State record tiger muskie no fish story

December 16, 1997

by Ric Dugan / staff photographer

State record tiger muskie no fish story


Staff Writer

GREENBRIER - On a cold Valentine's Day afternoon this year, Kevin Conner found himself doing what he does some 200 times a year - fishing.

But it was no ordinary day for Conner, a 32-year-old Hedgesville, W.Va., resident who pulled in the catch of his life on the Potomac River, a tiger muskie measuring 47 inches long and weighing 29 pounds, 43/4 ounces.


"I knew it was the biggest one I ever caught," he said.

More than that, it was the biggest tiger muskie ever caught in Maryland.

On Tuesday Conner's record catch was commemorated when the Maryland Department of Natural Resources presented him with a fiberglass replica of the gold, tiger-striped fish at Greenbrier State Park. The state had two replicas made; the other will be used by DNR in its educational programs and promotional campaigns.

Despite the record, Conner couldn't resist telling a fish story when he looked at the replica.

"It seems to me it was bigger," he said of the original catch.

Conner caught the fish while standing on the West Virginia bank of the Potomac, just below Dam No. 5 south of Clear Spring. He said he was using a 15-pound test line, baited with a plastic worm.

The fish hit his line so hard, Conner's first thought was that he must have caught his hook on a tree limb or something else underwater. But then he saw the tiger muskie pass in front of him, the start of a back-and-forth fight that would last 10 to 15 minutes before Conner could reel in the whopper.

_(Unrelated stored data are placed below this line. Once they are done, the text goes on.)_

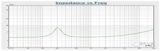 喇叭是一个感性负载元件,对于交流信号而言,它的阻抗是随着频率变化而变化的,其典型的阻抗曲线如下图所示。在谐振峰后面的第一个阻抗最小值即为额定阻抗值。它是计算分频器和放大器输出功率的主要依据。
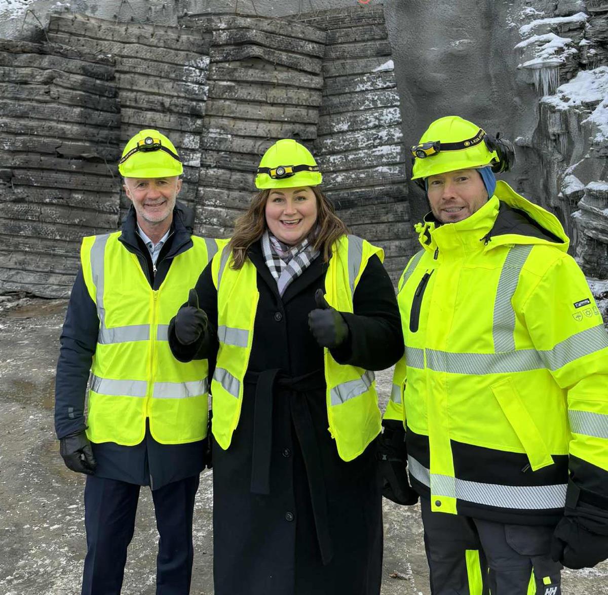 Tre personer i et steinbrudd. - Klikk for stort bildePå bildet ser vi fylkesråd for næring Svein Øien Eggesvik foran tunnellinngangen sammen med ordfører i Fauske Marlen Berg og prosjektkoordinator for Nye Sulithelma Gruver, Eirik Alst.
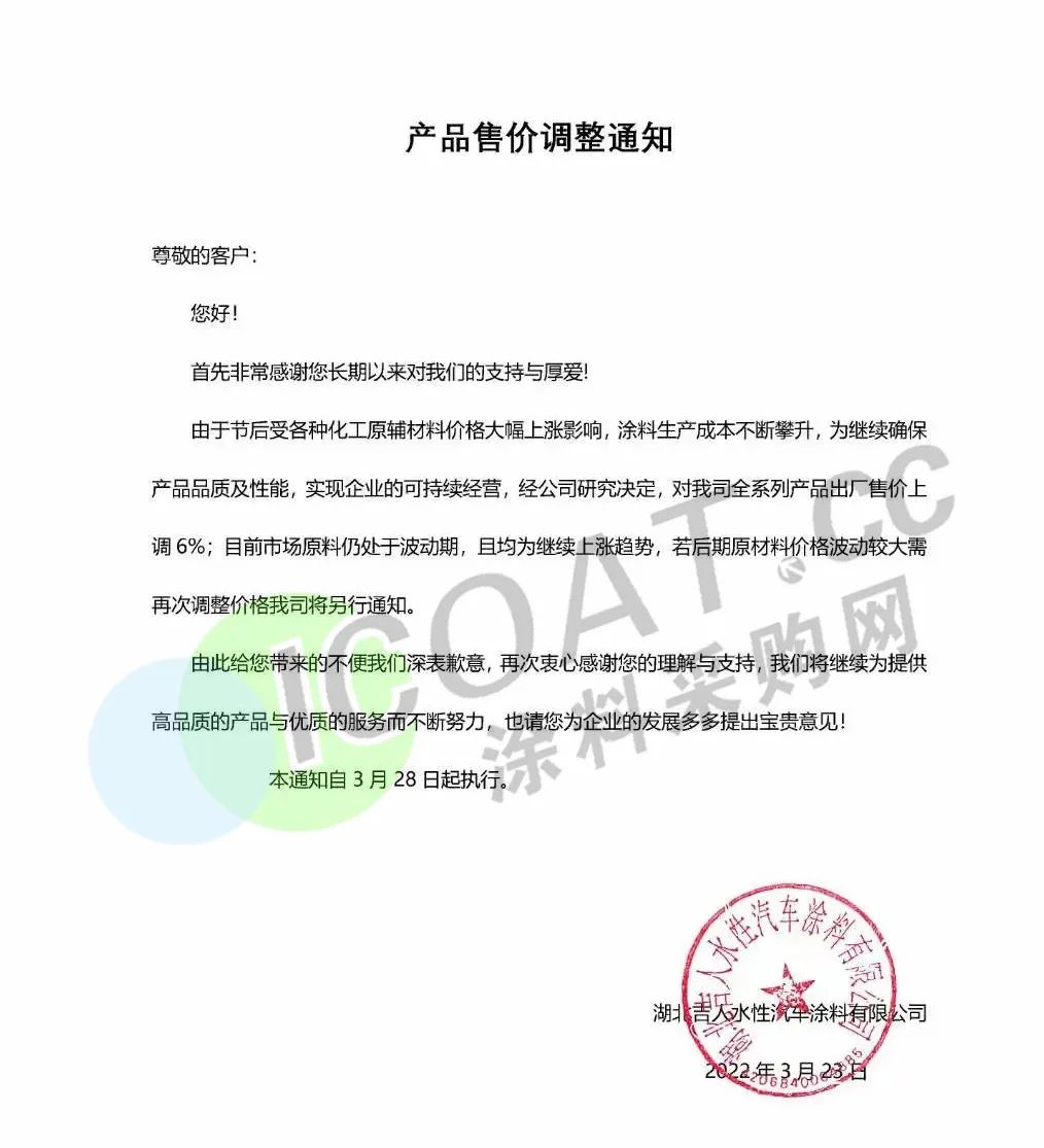 而在一周之前,吉人涂料曾發布產品調價通知,稱3月28日起,全系列產品出廠售價上調6%。

"He was putting up a struggle," he said.

Once on shore, the fish was subdued by Conner and a friend. It was later weighed to verify it was a record. The fish was killed and its skin is being kept by the state.

The previous record for tiger muskie was held by Richard "Yogi" Sword of Clear Spring, who caught a 27-pound fish measuring 46 inches.

The tiger muskie is a sterile, hybrid fish produced by crossing a muskellunge with a northern pike. The result is a fast-growing fish, tolerant of high temperatures that is easier to catch than a true muskellunge.

In 1989 the state began stocking the Potomac River with about 2,000 fish a year, with the goal of producing trophy-sized fish to attract sport anglers. Conner's catch affirms that effort, officials said.

"It means our program has been successful," said John Mullican, a biologist with the DNR's fisheries division.

Mullican estimated from the size of Conner's fish that it might have been swimming in the Potomac since the stocking program began, and he didn't rule out the possibility there are larger ones still out there.

Conner, an assistant manager at the Food 4 Less grocery store in Martinsburg, W.Va., said he'll probably show photos of the replica to co-workers and friends. The replica itself will probably be mounted on a wall in his game room.

Conner had thoughts about putting the fish on his living room wall, but that plan was nixed by his wife, Tracy.

"It doesn't match the decor," Tracy Conner said.